The Answer is Blowin’ in the Wind

| May 26, 2010 | 0 Comments

I have always been amazed of the extent to which animals (especially coyotes) can hear; so much so that I wrote an article for Predator Xtreme covering the topic. However, it only scratched the surface. What has amazed me even more than their hearing range is how well they can hear even in windy conditions.

I have long suspected that coyote ears can filter wind and pick out sounds even sounds at rather low sound pressure levels (SPL). This is not obvious and straightforward at first thought because coyote ears are more sensitive to noise. Certainly the wind on their ears would be even louder to them than us. Somehow this doesn’t affect them. Why? Is it their ability to control their ears and direction them to maximize the signal? Perhaps. Is it related to their ear shape and construction? Very likely. However, today I would like to offer another suggestion, one that’s related to the aforementioned conjectures.

Wind hitting your ear makes noise. This noise has a frequency spectrum associated with it. If one were to compare the audible range of a predator with the frequency spectrum of the wind, it could shed a little light on why predators can discern sounds even in heavy winds.

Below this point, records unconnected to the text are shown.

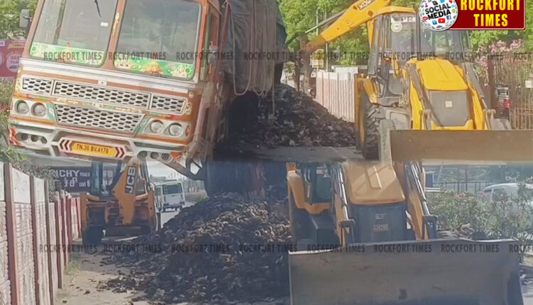 கோவையில் இருந்து திருச்சி நோக்கி குப்பைக் கழிவுகளை ஏற்றிக்கொண்டு லாரி ஒன்று வந்து கொண்டிருந்தது. அதனை சத்யராஜ் என்பவர் ஓட்டி வந்தார். அந்த லாரி இன்று( ஜூன் 6) அதிகாலை திருவானைக்காவல் அருகே வந்து கொண்டிருந்த போது திடீரென கழிவுகள் சரிந்து நடுரோட்டில் கொட்டியது. விபரீதத்தை உணர்ந்த டிரைவர் உடனடியாக லாரியை நிறுத்தினார். இதனால், அந்த வழியாக போக்குவரத்து பாதிக்கப்பட்டது. இதுகுறித்து தகவல் அறிந்த போலீசார் மற்றும் மாநகராட்சி அதிகாரிகள் சம்பவ இடத்திற்கு விரைந்து சென்றனர். பின்னர் 2 பொக்லைன் இயந்திரங்கள் வரவழைக்கப்பட்டன. ஒரு பொக்லைன் பக்கவாட்டில் லாரி கவிழ்ந்து விடாமல் முட்டுக்கொடுத்து நிறுத்தப்பட்டது. மற்றொரு பொக்லைன் லாரியில் இருந்த குப்பைகளை அகற்றியது. இந்தப் பணி சுமார் 5 மணி நேரம் நீடித்தது. இதன் காரணமாக
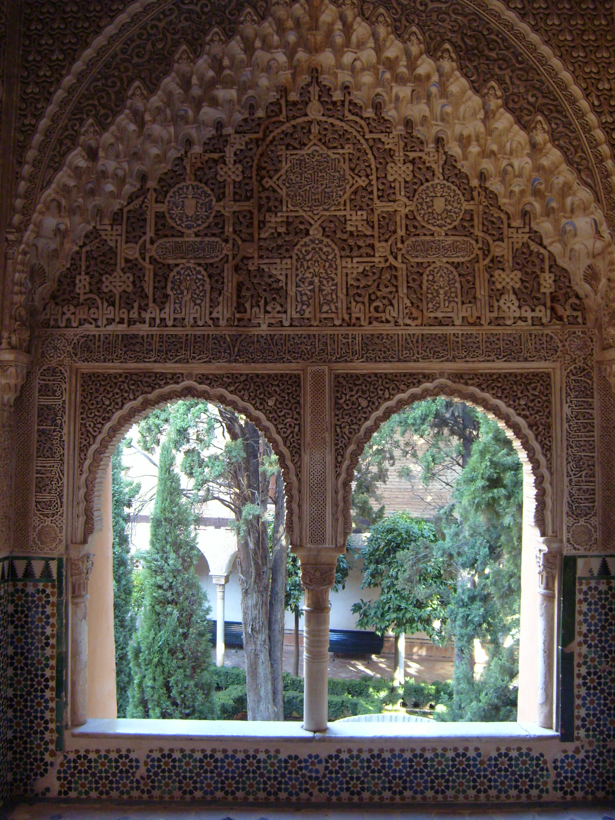 Cálida, serena, romántica, mi sutil ventana palaciega da al florido jardín de un bello patio andaluz.
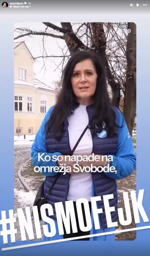 Poslanka Gibanje Svoboda Janja Sluga. (Foto: Posnetek zaslona- IG Aleksandar Repić oz @nepridiprav)
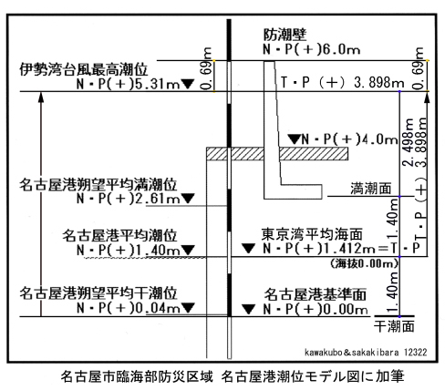 | 図1 伊勢湾台風・名古屋港潮位記録と気圧の推移 | 図2 名古屋市臨海部防災区域 名古屋港潮位モデル図に加筆 | ||
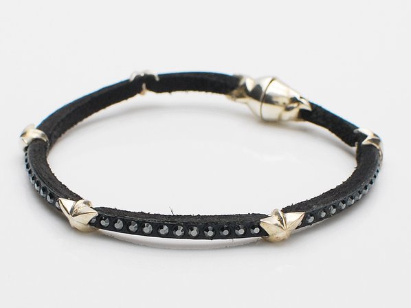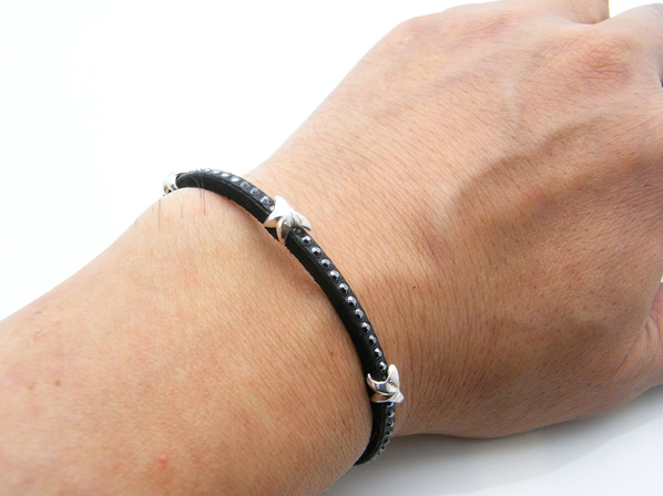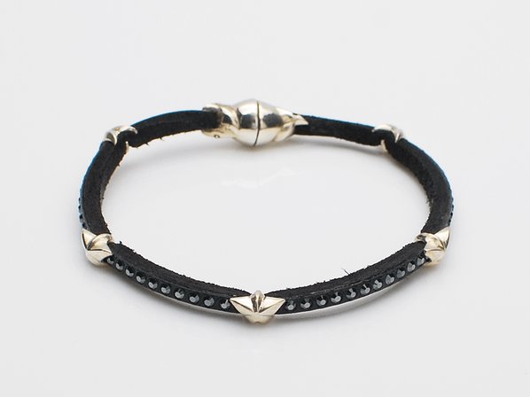 ◆細身のレザーに、ブラックダイヤモンドスワロフスキーをセットしたブレスレットです。
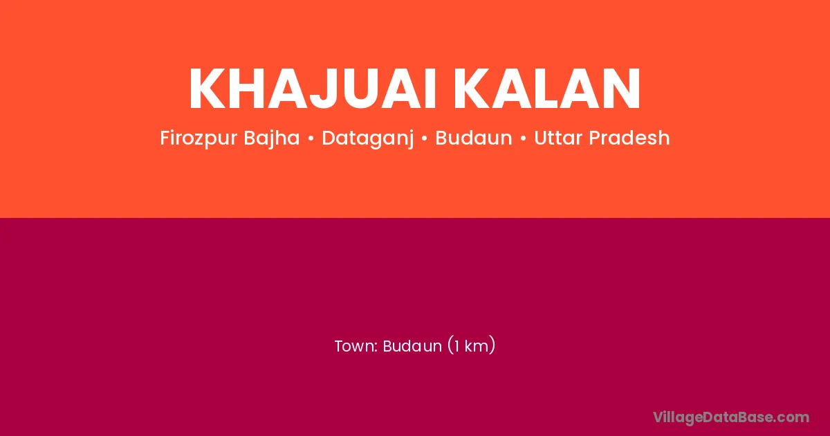 Budaun (1 km) is the nearest town to Khajuai Kalan village for major economic activities and is located approximately 1 km away.
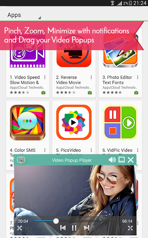 Flotante reproductor de vídeo con popup es clase aparte y tiene características innovadoras. Usted puede hacer multitarea real. Flotar uno o más vídeos en la parte superior de otras aplicaciones como SMS, correo electrónico, mapas, navegación, etc. Siga haciendo su trabajo, y al mismo tiempo viendo una película en la ventana emergente. Usted puede incluso cambiar el tamaño (pinch / zoom) su pop-ups de vídeo y mucho más ...
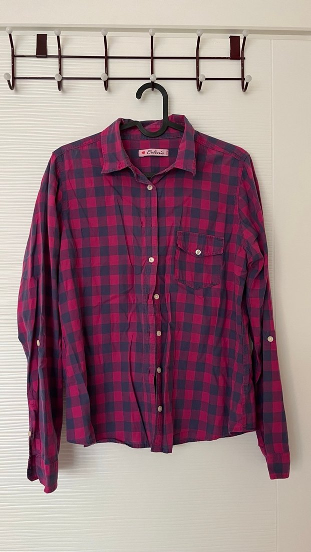 Bordo kareli desenli, düğmeli uzun kollu pamuklu gömlek, regular fit ve yakalı tasarımla günlük kullanıma uygun.

According to research (see the June ’09 issue of PX magazine for the reference), a coyote has a maximum hearing range of 67-44,000Hz, with a sweet spot of 100-30,000Hz, and a max sensitivity at 8,000Hz. (For comparison, a fox has a range of 50-28,000Hz, with a sweet spot of 100-6,000Hz, and a max sensitivity of 1,000Hz.) The average human covers 30-17,600Hz with a max sensitivity of 4,000Hz. The sound frequency of wind exhibits higher SPL in the lower frequencies (15-100Hz) and drops roughly 10dB every 450Hz (rough approximation over the 200-2,000Hz range). Because the coyote’s ear cannot pick up frequencies below 67Hz, it can effectively filter roughly 80% of the wind’s maximum SPL range. On the other hand, human ears comparatively only filter roughly 30%. These percentages are not hard values; they were merely estimates of areas under SPL curves. However the idea is qualitatively sound, and this effect may partially explain our difficulty of hearing sounds from e-callers during windy conditions and why coyotes don’t seem to have that problem.